Einig sind sich die Volkswirtschaftsexperten in einem Punkt: Die Regierungen in Bund und Ländern haben mit ihren historisch großen Paketen von Eindämmungsmaßnahmen richtig reagiert. «Allein in Deutschland beläuft sich dieses staatliche Sicherheitsnetz für den Privatsektor auf rund 1,2 Billionen Euro - rund 30 Prozent der Wirtschaftsleistung», sagte Utermöhl. «Diese helfen besonders betroffenen Betrieben über Liquiditätsengpässe hinweg und bewahren sie vor der Zahlungsunfähigkeit», betonte Fritzi Köhler-Geib, Chef-Volkswirtin der KfW-Gruppe.

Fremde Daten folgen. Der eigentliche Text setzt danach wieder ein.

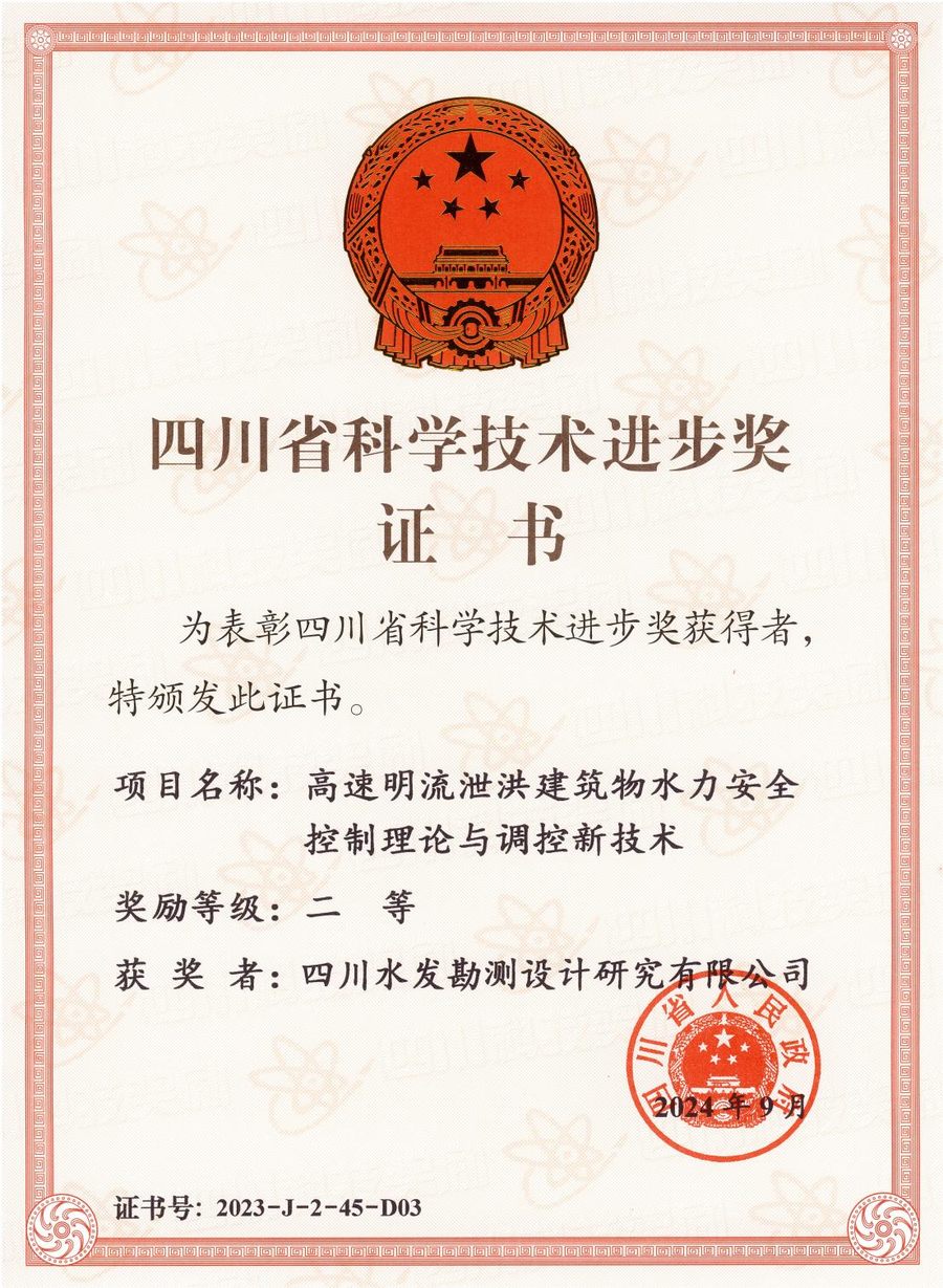 9月10日,四川省科学技术奖励大会在成都举行,会上宣读了省政府《关于2023年度四川省科学技术奖励的决定》。四川水发设计公司参与完成的“高速明流泄洪建筑物水力安全·控制理论与调控新技术”荣获四川省科学技术进步二等奖。该项目的研究成果应用于紫坪铺水利枢纽、锅浪跷水电站等25项水利水电工程,取得了显著的经济、社会和生态环境效益。

Kurzarbeit auch für Azubis?
Ein Streit entbrannte unterdessen um die Frage, ob Kurzarbeit in der Krise ausnahmsweise auch für Auszubildende möglich sein sollte. Handwerkspräsident Hans Peter Wollseifer sagte der «Welt am Sonntag»: «Wir müssen dringend vermeiden, dass Betrieben, die von der Krise massiv betroffen sind, nichts anderes übrig bleibt, als Ausbildungsverhältnisse zu beenden». Der Deutsche Gewerkschaftsbund hält das hingegen für falsch. «Hände weg von den Azubis», sagte die stellvertretende DGB-Vorsitzende Elke Hannack. Die Auszubildenden bekämen ohnehin vergleichsweise sehr wenig Geld und würden durch weitere Kürzungen in existenzielle Probleme gestürzt.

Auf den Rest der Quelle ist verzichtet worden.